AVAILABLE RECORDS:
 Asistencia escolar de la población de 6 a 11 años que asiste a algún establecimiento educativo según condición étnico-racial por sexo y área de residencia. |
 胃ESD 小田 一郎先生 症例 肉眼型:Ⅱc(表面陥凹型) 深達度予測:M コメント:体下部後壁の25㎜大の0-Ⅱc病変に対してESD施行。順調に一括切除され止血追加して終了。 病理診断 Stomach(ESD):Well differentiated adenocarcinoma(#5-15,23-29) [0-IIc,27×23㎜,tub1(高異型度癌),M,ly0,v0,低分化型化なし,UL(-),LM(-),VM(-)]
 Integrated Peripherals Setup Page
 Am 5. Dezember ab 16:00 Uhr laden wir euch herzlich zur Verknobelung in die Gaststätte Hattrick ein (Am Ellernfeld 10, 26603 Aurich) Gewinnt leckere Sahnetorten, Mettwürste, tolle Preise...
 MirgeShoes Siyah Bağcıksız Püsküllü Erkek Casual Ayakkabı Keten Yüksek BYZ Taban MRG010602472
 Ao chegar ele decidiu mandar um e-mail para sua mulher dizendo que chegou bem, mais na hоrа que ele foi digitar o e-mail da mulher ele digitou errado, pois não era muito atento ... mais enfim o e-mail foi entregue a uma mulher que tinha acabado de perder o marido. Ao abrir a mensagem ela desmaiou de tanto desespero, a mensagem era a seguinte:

---

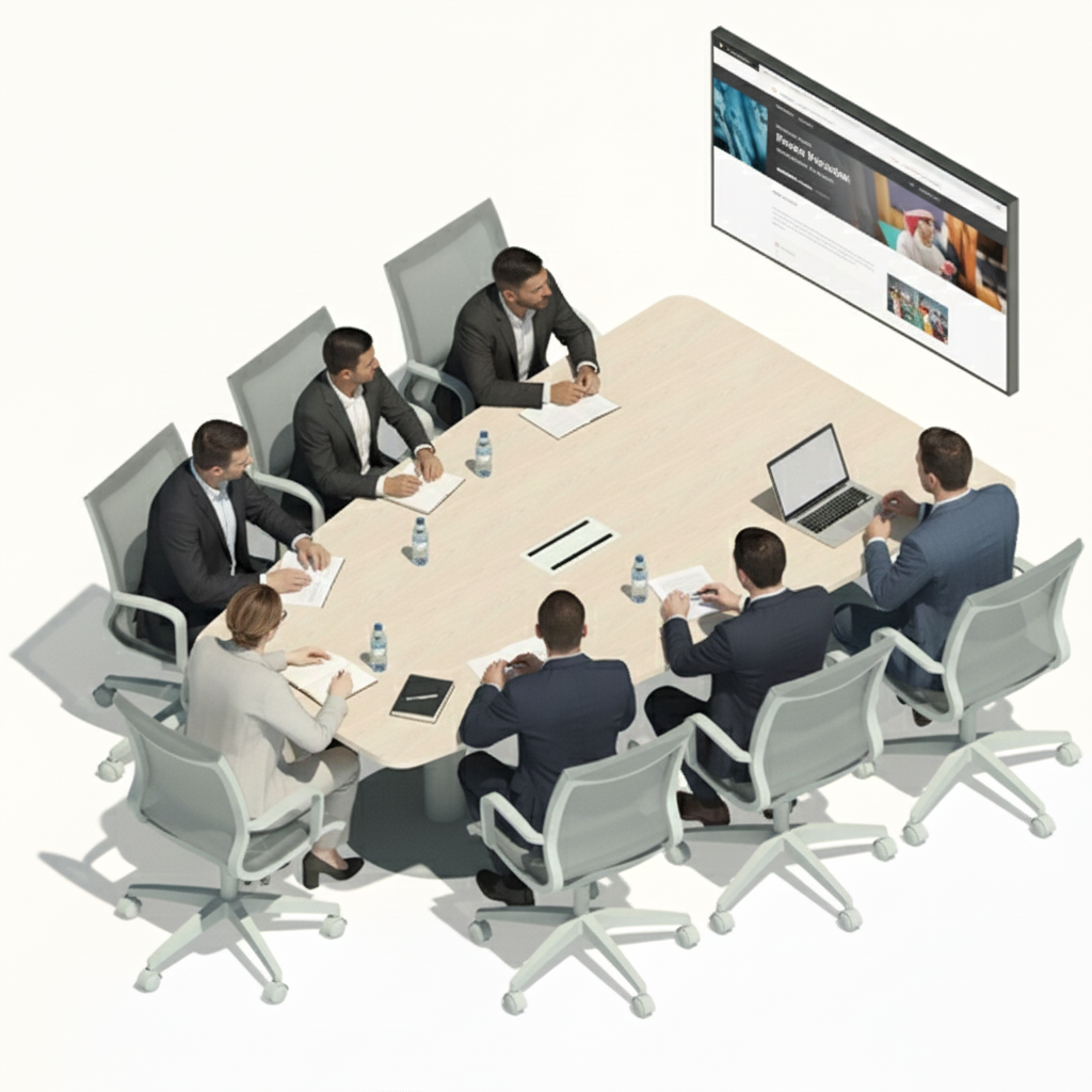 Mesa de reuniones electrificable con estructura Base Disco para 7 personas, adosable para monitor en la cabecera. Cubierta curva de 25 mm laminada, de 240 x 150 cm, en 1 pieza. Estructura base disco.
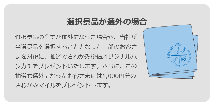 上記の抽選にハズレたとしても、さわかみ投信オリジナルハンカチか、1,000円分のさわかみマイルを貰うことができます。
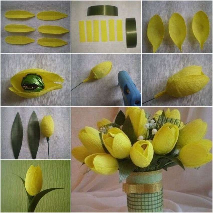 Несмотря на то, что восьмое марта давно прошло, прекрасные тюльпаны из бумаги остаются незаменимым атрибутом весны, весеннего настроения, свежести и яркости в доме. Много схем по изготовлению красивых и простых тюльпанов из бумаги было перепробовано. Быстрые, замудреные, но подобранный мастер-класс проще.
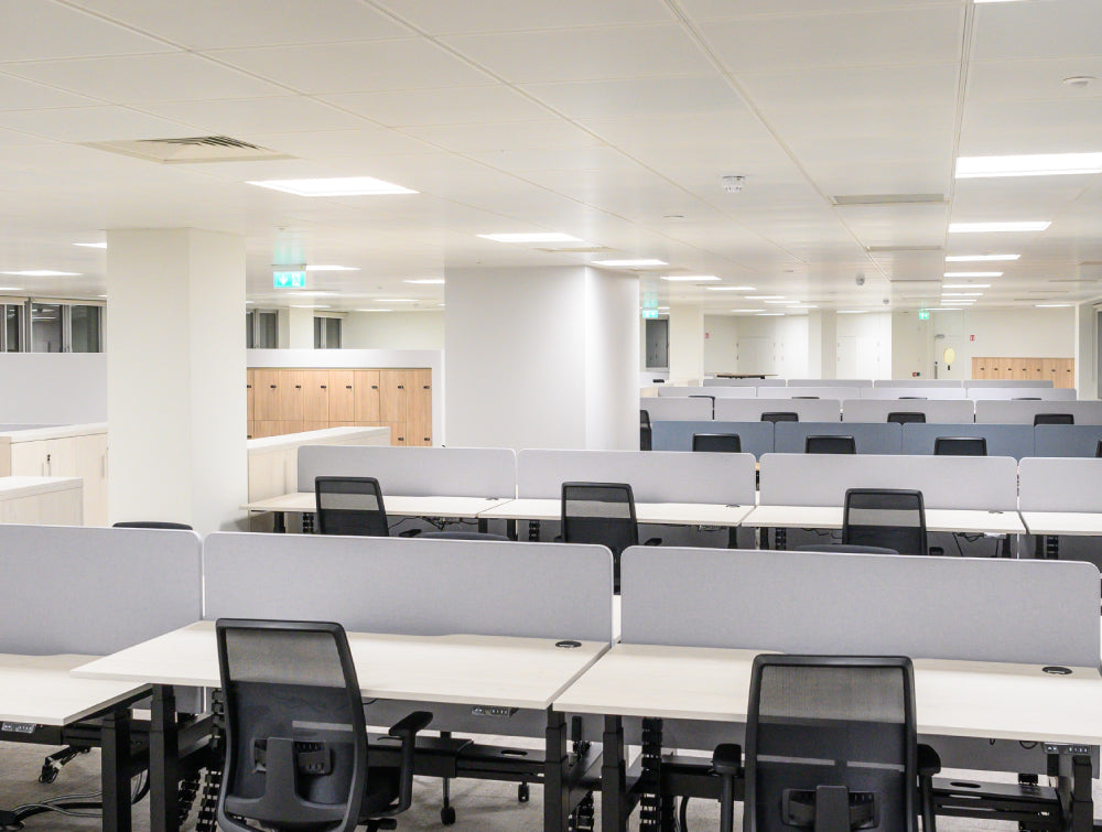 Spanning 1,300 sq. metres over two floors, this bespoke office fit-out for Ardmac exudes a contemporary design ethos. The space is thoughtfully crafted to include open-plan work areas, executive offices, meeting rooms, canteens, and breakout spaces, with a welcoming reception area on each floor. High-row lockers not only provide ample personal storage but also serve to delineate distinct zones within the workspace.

YOUR ASSIGNMENT:
Within the material above, only the stretch from the line holding "Mesa de reuniones" through the line holding "上記の抽選にハズレたとしても" is to be restated exactly. Pictures are dropped.

WRITTEN SOLUTION:
 Mesa de reuniones electrificable con estructura Base Disco para 7 personas, adosable para monitor en la cabecera. Cubierta curva de 25 mm laminada, de 240 x 150 cm, en 1 pieza. Estructura base disco.
 上記の抽選にハズレたとしても、さわかみ投信オリジナルハンカチか、1,000円分のさわかみマイルを貰うことができます。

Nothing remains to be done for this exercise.